The Director responded that "[t]he answer to the contentions of the Workers' Compensation Fund is that K.S.A. 44-532a makes no additional reference to inability of the principal to pay the award." In the Director's analysis, K.S.A. 44-503 provides that the claimant may proceed directly against the principal if the claimant was injured while working for a subcontractor but, upon initiation of a compensation claim against the subcontractor, "the principal is no longer a party to the action." According to the Director, it is "only when the action is directly instituted against the principal that the statutory language referred to by the Workers' Compensation Fund that 'references to the principal shall be substituted for references to the employer' applies."

The Fund petitioned the district court for judicial review of the Director's order. In its petition, the Fund purported to name Osborne and CNA as parties even though they had been dismissed on the motion of claimant approximately 2 1/2 years earlier. The issues raised by the petition for judicial review were briefed by all named parties (including Osborne and CNA).

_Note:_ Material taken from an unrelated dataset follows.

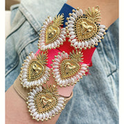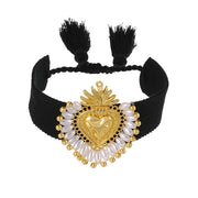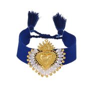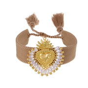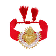 Red Copper Heart Beaded Pearl Braided Tassel Bracelet
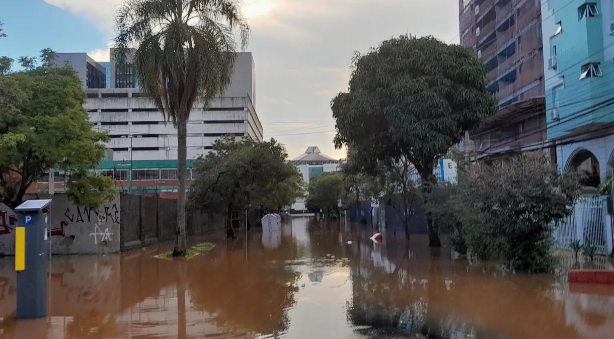 A prefeitura informou que a Ebap (Estação de Bombeamento de Água Pluvial) 12 “está operando com capacidade reduzida, o que está causando acúmulo de água na região do Menino Deus”.

The district court affirmed the Director's order in all respects. The district court concluded initially "that there is insufficient evidence in the record clearly whether or not Osborne was a statutory employer." The district court rejected the Fund's contention that pursuit of a claim against Osborne (as a potential statutory employer) was a prerequisite for Fund liability under K.S.A. 44-532a.

We granted Houston General's motion to be dismissed from this appeal because the ALJ, the Director, and the district court all found that Silicone was not insured by Houston General. The Fund is not challenging the finding of Silicone's lack of insurance.

The District Court's View

The district court reasoned that workers compensation statutory provisions are to be construed liberally in favor of the claimant. Nedzia elected to proceed against Silicone and its insurance carrier and to dismiss the alleged statutory employer. The district court pointed out that this election was mandated by Coble v. Williams, 177 Kan. 743, 282 P.2d 425, and that K.S.A. 44-532a does not purport to overrule Coble. (We shall address the relationship of Coble and K.S.A. 44-532a in due course.)

The district court noted that Nedzia had waited almost four years to be compensated for her injuries. The primary purpose of the Workers Compensation Act is to expeditiously...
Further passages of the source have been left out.